Он почувствовал себя в западне. Добровольно из ОГПУ не уходят. Технология прощания со слабонервными была отработана еще в восемнадцатом году. То машина наедет на бывшего чекиста посередь пустой улицы, то кирпич упадет. Всякое может случиться с человеком, которому опротивела наша служба.
Но Штейну повезло. Его «бросили» на создание особой группы, дело потихоньку двигалось, и хотя чуть не лопнуло в один прекрасный день, но все же настал миг, когда Арон Моисеевич простился с Лубянкой. Наверно, это опять было понижение, но иному повороту в карьере радуешься больше, чем самому почетному возвышению. Он выбывал из опасной игры в центральном аппарате, обретал относительную независимость, а само дело представлялось крайне интересным. Если бы не нюансы.
Ситуация с Фелициановым была идиотской. Загребли его случайно, по записной книжке арестованного Панина в ту пору, когда Штейн получил новое задание от Менжинского. Готовясь к допросу, а главное, уже в ходе разговора, даже с первого взгляда уполномоченный ОГПУ решил, что Фелицианов мог бы сгодиться ему, о чем и было доложено первому заму председателя, и Менжинский, посмотрев на подследственного, одобрил выбор Штейна. Но чуткие стены Лубянки донесли о создании особой группы под крылом Менжинского Железному Феликсу – принципиальному противнику всех и всяческих игр с классовым врагом, и сама идея была едва не угроблена. Тем временем ушлый Лисюцкий дожал Фелицианова, и тот едва не подвел себя под расстрел. Во всяком случае, сам Лисюцкий хлопотал о высшей мере социальной защиты советского государства от несостоявшегося филолога и проявил при этом упорство фанатическое, добравшись до кабинета Ягоды, которого без труда убедил в чрезвычайной опасности Фелицианова для общества. Видно, Люциан Корнелиевич никак не мог смириться с прихотью природы, одарившей его двойником. Но для Штейна, романтика сыска и в известной степени идеалиста, настырность Лисюцкого означала необходимость влезать во внутриведомственные интриги, искать защиты для Фелицианова у Менжинского, а в лице товарища по работе схлопотать смертельного врага. Неизвестно, чем бы кончилась эта борьба, но ягодовские костоломы угробили Панина, и дело развалилось. Штейн сумел добиться для своего подопечного относительно мягкого приговора. Да на всякий случай из газетного отчета о разоблачении шпионской группы Панина и Любимова имя Фелицианова убрали. В июле Дзержинского, грех говорить, но слава богу, не стало, и затея его первого зама воскресла.
Сейчас перед уполномоченным ОГПУ сидел человек настороженный и озлобленный. Враг.

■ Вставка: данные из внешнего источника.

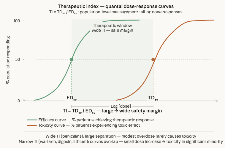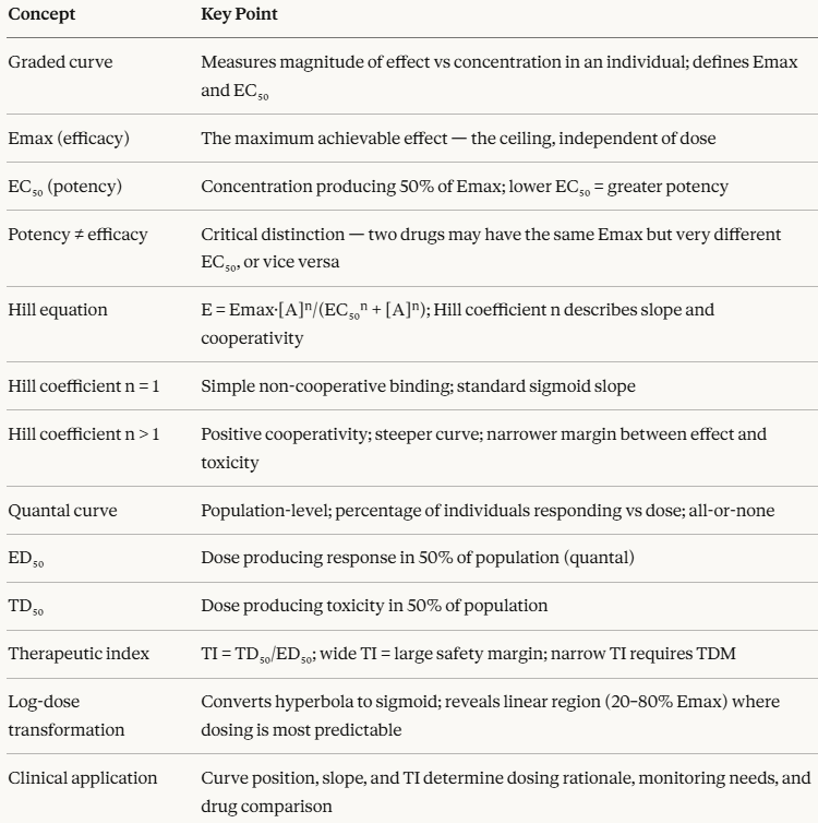 The Hill equation provides the mathematical backbone connecting them both. The therapeutic index translates all of this into a clinically actionable safety metric.

А Штейну нужен деятельный союзник.
– Вы, Георгий Андреевич, уже играли в молчанку. Результат известен. Я жду.
– От меня вы больше ничего не дождетесь. Всего, что вам надо было, вы добились. Добавить нечего. О степени моей вины – нулевой! – вам прекрасно известно. Чего вы еще от меня хотите?
– Сотрудничества.
– Ну уж этого я вам никак не могу обещать. Тем более что мне уже таковое предлагали. А результат отказа только убедил меня в правильности.
– Речь идет о другом сотрудничестве.
– Все равно. Я ни в каком роде не желаю ни в чем помогать вам. И вообще не понимаю, зачем вы меня привезли сюда.
– А вам что, хорошо было в лагере? Может, мы вам слишком уютную зону предоставили? По вашему виду незаметно. Но у нас есть и другие лагеря. За Полярным кругом. Или в песках Туркестана. Ах, этот юг, ах, эта Ницца… Так, кажется, Тютчев говаривал? Можем и в те края отправить. Погреться. В Туркестане сейчас большая стройка затевается, без работы не останетесь.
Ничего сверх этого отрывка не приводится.